If you start to feel significant heat, redness, or tenderness, you may have developed an infection, or if you start to feel unwell or gain a fever or see pus come up in the area of the tattoo, these can be typical signs of an infection.

“If a tattoo is treated with care and based on real knowledge, then the risk of getting an infected tattoo is at an absolute minimal.”

6. Blood Borne Diseases

In more extreme cases, it’s possible to get a blood borne diseases like methicillin-resistant Staphylococcus aureus (MRSA), hepatitis B and hepatitis C. This can happen if the equipment used for your tattoo is infected with contaminated blood. But, as Hoff says, “Finding a reputable, licensed, clean establishment can reduce your risk of these dangerous side effects.”

7. Skin Cancer

While this isn’t as likely with smaller tattoos, large ones — like full arm sleeves — can make it difficult for dermatologists to “detect skin color changes, especially in moles … which means it is more difficult to detect skin cancer,” Dr. Greenfield says. “Ask your board-certified dermatologist if you are at high risk for skin cancer,” and if you are, discuss whether or not a large tattoo would be a good idea for you.

8.  More Endorphins are Released

After getting a tattoos, there is the healing process, but the process of getting tattooed can actually release endorphins in your brain, due to the sensation caused by the needle. Endorphins are your body’s natural pain relievers.” says, Lisa Barretta, author of Conscious Ink. “These chemicals come directly from the brain, flooding your body. Endorphins are ‘feel-good’ chemicals and help us realize on some level that we are more resilient to pain than we think.”
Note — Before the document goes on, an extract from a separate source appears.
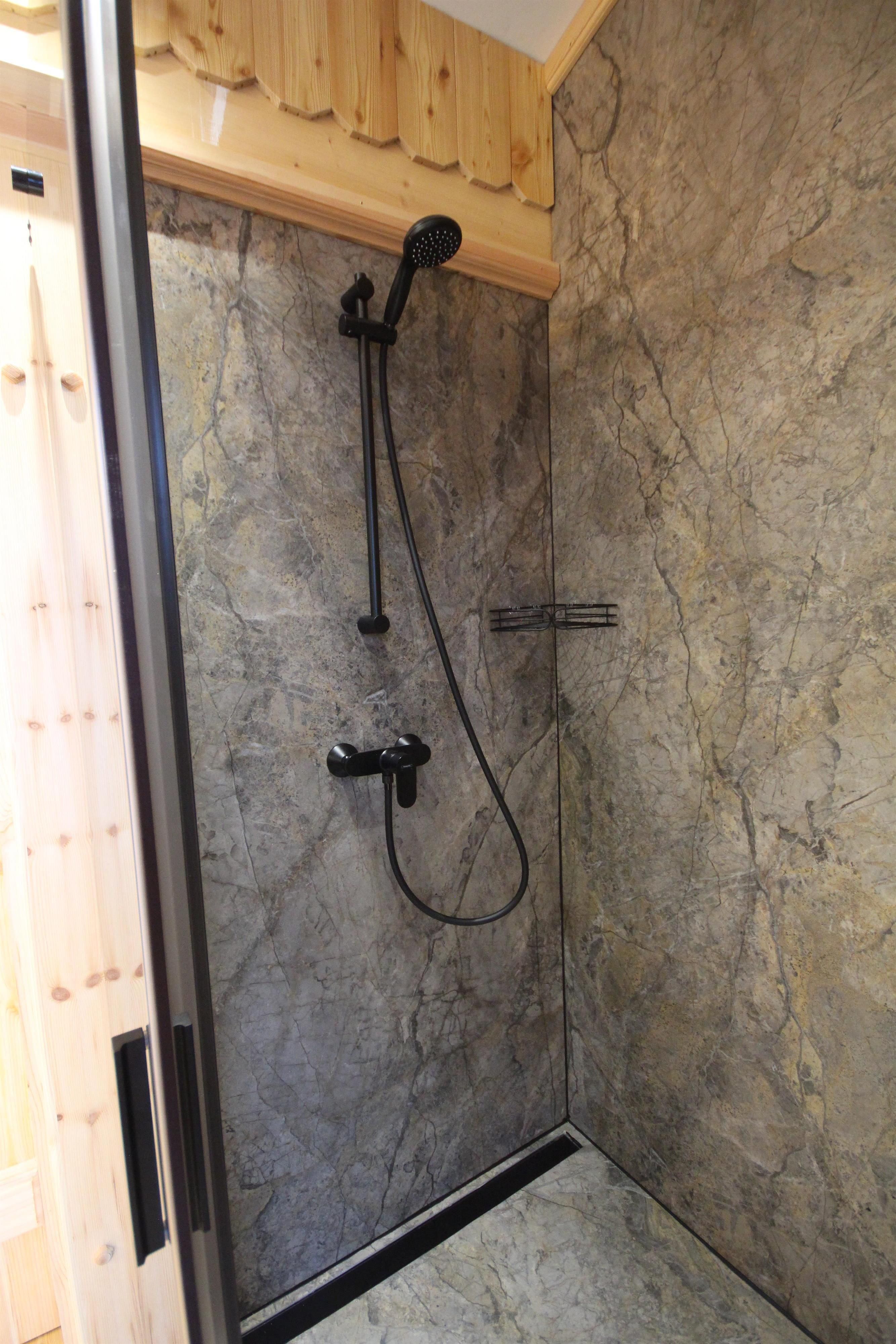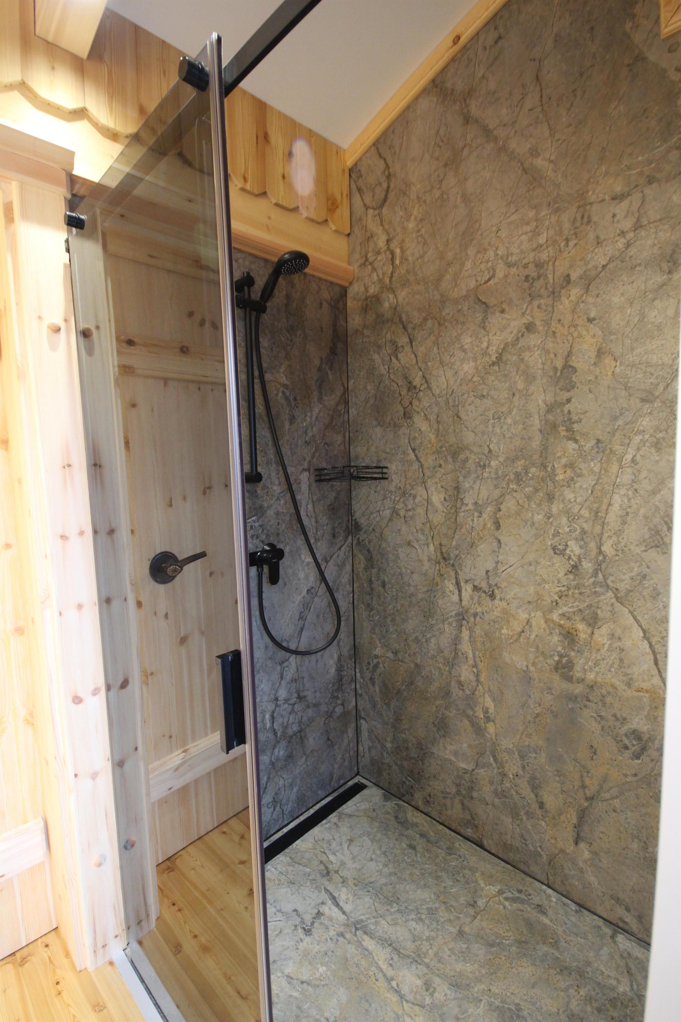 • Ein geräumiges Badezimmer mit Dusche und Waschtisch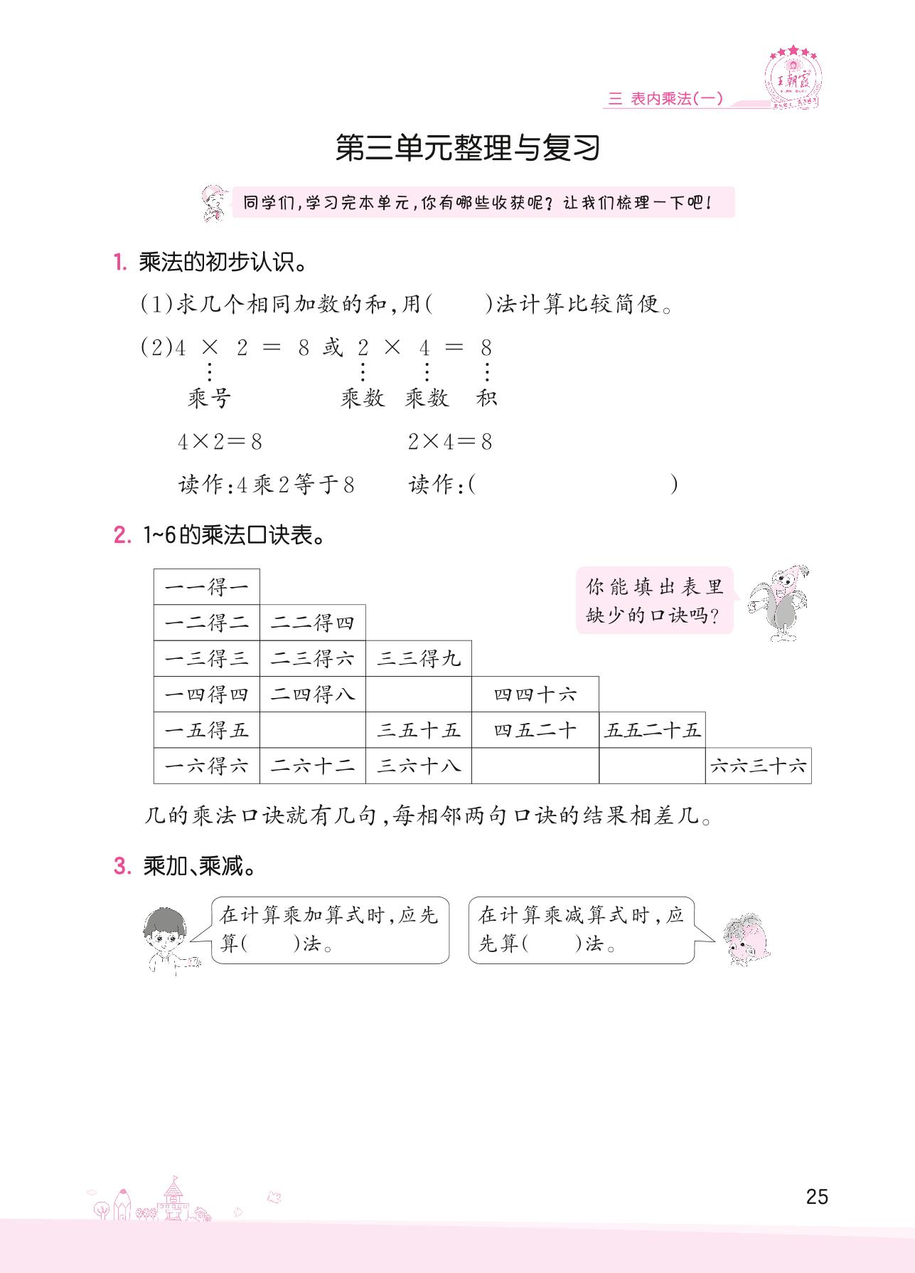 2022上册二年级数学苏教版 三 表内乘法(一)——第三单元整理与复习

9. It could affect how you sweat

Tattoos implant on your skin, may interfere with how your skin sweats – compared with non-inked skin, tattooed skin releases about 50% less sweat.

“We also found the sodium in sweat was more concentrated when released from tattooed skin,” Maurie Luetkemeier, a professor of physiology at Alma College in Michigan, said. Your skin usually reabsorbs sodium and electrolytes released during perspiration, but he says tattoos may partially block this reabsorption.

It won’t really matter if you have a single small tattoo but if you have a large tattoo – particularly on your back, arms or other areas with many sweat glands – your body may struggle to cool itself down and hold onto nutrients.

10. Job Denial

There are certain jobs that prohibited tattoos. Some jobs do not allow their employees with pierced body such as tattoos on the skin. For example, the military.

knowing all the possible side effects of tattoos ,whether they’re physical, emotional, or otherwise. You can go into your appointment feeling more prepared. And, when it’s comes to putting something permanent on your body, that’s never a bad thing.